Manchmal findet sich als anatomisch nachweisbare Grundlage einer scheinbar rein funktionellen Psychose eine Kombination verschiedener Krankheitsprozesse, von denen jeder einzelne die akute, tödlich verlaufende Geistesstörung nicht ausreichend erklären würde. Es handelt sich gewöhnlich um Einwirkung einer akuten Schädigung auf einen schon länger bestehenden chronischen Hirnprozeß. Der letztere kann derartig sein, daß er, obwohl er eine diffuse Veränderung des Gehirns darstellt, doch lange Zeit keine Funktionsstörungen hervorruft und deshalb symptomlos bleibt. Erst unter der Einwirkung der akuten Noxe versagt das durch den chronischen Prozeß beeinträchtigte Gehirn und reagiert mit einer schweren, oft tödlich verlaufenden Funktionsstörung.

Von solchen akuten Schädigungen kommen in Betracht: Traumen, Intoxikationen, Infektionen, Erkrankungen anderer Organe, namentlich Kreislaufstörungen.

Als chronische Hirnprozesse, die lange Zeit symptomlos bleiben können, finden sich diffuse, chronische, fibröse Leptomeningitis, vielleicht als Residuum einer früheren akuten Erkrankung, oder diffuse Sklerose der Hirngefäße. Die letztere, wenn sie in Form der fibrösen Entartung zahlreicher feinerer Gefäßäste auftritt, kann nicht nur längere Zeit symptomlos bleiben, sondern ist oft auch post mortem makroskopisch nicht erkennbar, sodaß erst durch die mikroskopische Untersuchung diese anatomische Grundlage festzustellen ist.
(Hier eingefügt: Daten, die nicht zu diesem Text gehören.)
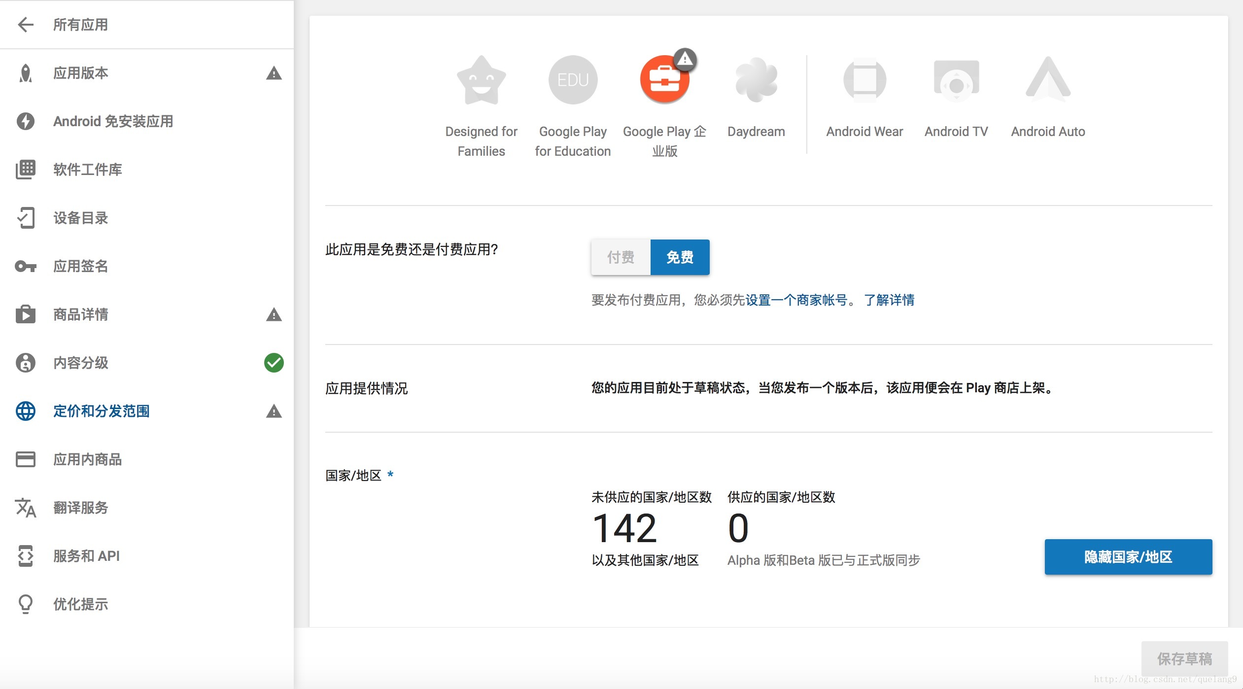 到现在为止我们就还差最后一个“定价和分发范围”了,还是在左边导航栏选择“定价和分发范围”:

Es ist denkbar, daß auch bei akuten, nicht tödlich verlaufenden Psychosen gelegentlich ein ähnlicher Mechanismus zugrunde liegt, der, weil der chronische Prozeß für sich allein keine Symptome gemacht hat, schwer nachgewiesen werden kann. Dadurch würde sich für manche Fälle die elektive Wirkung akuter Schädigungen erklären, ohne daß man jedesmal zu der Hypothese einer endogenen Prädisposition seine Zuflucht zu nehmen braucht. Auch andere organische Hirnerkrankungen bestimmter Art, z. B. meningitische Prozesse, Tumoren, können gelegentlich durch eine solche Kombination von zwei ganz anders gearteten Veränderungen vorgetäuscht werden.